However, our current study did possess some limitations; for example, it is merely a proof of principle and further experimental investigation is needed to confirm our bioinformatics data. Moreover, this study was based on the gene expression profile provided by the Affymetrix platform to identify some important genes that can be investigated in our subsequent study to experimentally verify their roles in endometriosis development. In addition, due to the lack of detailed clinical data on GSE7307, we are unable to identify more associations between genotypes and phenotypes and to analyze the interference of the menstrual cycle stages with disease stages. Again, it is necessary to remove the batch effects to minimize such a batch effect through the PCA analysis and standardization, but the batch effect between different data sets can not be completely eliminated; in addition, although additional filters are used to eliminate samples that may be contaminated, but tissue pollution is still unavoidable. The current study, similar to previous studies [54, 55], compared very different tissues, i.e., eutopic endometrium from healthy patients, ectopic endometrium in the ovary, and ectopic endometrium in the peritoneum, which should have had very different adjacent tissues. To resolve this issue, the authors of one of the previous studies [54] first identified the probe sets that were significantly up-regulated in endometriosis compared to the control endometrium and then applied an additional set of the filters for it.

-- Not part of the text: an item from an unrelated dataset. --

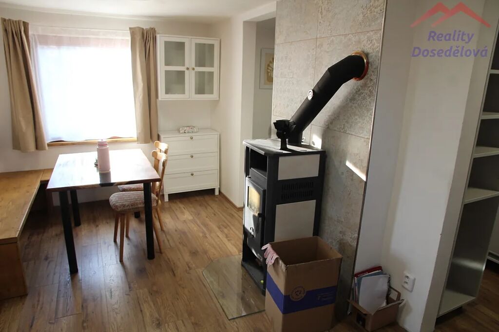 V současné chvíli se ještě dodělává nová kuchyňská linka-instalují dvířka od kuchyňské linky a dodělává se vstupní chodbička. Součástí koupě je i veškeré vybavení chaty, nová krbová kamna i s venkovním bazénem s pískovou filtrací. Nově je i udělána vstupní venkovní terasa 14 m2.

This was necessary because many probe sets were the result of tissue contamination in endometriosis samples. Thus, finding a probe set that was differentially expressed between the normal ovary and normal endometrium indicated that there was a non-disease-related difference in gene expression and the probe set was removed from the endometriosis vs. the control endometrium for the differentially regulated list. Consequently, gene expression in the different normal tissues could be resolved.

Conclusions

In the current study, we performed various bioinformatics analyses to explore the key DEGS associated with immune infiltrating cells in endometriosis. We found different levels of immune cell infiltration and a high level in endometriosis vs. normal endometrial tissues, including CD4+ and CD8+ T cells, CD8 + Tem cells, eosinophils, monocytes, Th1 cells, memory B cells, aDCs, and pDCs. The top 10 hubs were IL6, FN1, CDH1, CXCL8, IGF1, CDK1, PTPRC, CCNB1, MKI67, and ESR1. Among them, FN1 was associated with eight subtypes of immune cells and the correlation co-efficiency between CXCL8 and aDCs was the highest, with a value of 0.71.

Methods

Search and download of Gene Expression Omnibus (GEO) datasets

In this study, we first searched the GEO database (https://www.ncbi.nlm.nih.gov/geo/) using the keyword “endometriosis” and used the “GEOquery” package of the R software (version 4.0.4) to download the gene expression profiles for endometriosis (GSE7305, GSE7307, and GSE11691). The GSE7305 dataset [54] was based on the GPL570 [HG-U133_Plus_2] Affymetrix Human Genome U133 Plus 2.0 Array and included 10 samples each of ovarian endometriosis and normal endometrium. The surgical samples were taken before any medications, such as hormone therapy. GSE7305 had often been used to identify differentially expressed genes (DEGs) and analyze endometriosis in biological research related to endometriosis. A previous study showed that epithelial-mesenchymal transformation (EMT) may be induced by inflammatory cytokines and is related to smooth muscle metaplasia and fibrosis [56]. The molecular markers that regulate the development and progression of endometriosis and potential therapeutic drugs have also been identified [57]. Based on the same GSE7305 platform, GSE7307 was selected to increase the sample size for ovarian endometriosis [58], which included 18 endometriosis and 23 normal endometrial tissues. In addition, GSE11691 was added to increase the number of peritoneal endometriosis samples to enrich the data; the platform of GSE11691 [55] was the GPL96 [HG-U133A] Affymetrix Human Genome U133A Array and included 9 endometriosis tissues and 9 normal endometrial tissue samples, resulting in a total of 37 endometriosis (including 28 cases of ovarian endometriosis and 9 cases of peritoneal endometriosis as seven proliferative phase, 12 secretory phase, and 18 unknown phase samples) and 42 normal endometrial tissues (including seven proliferative phase, 12 secretory phase, and 23 unknown phase samples) in this study.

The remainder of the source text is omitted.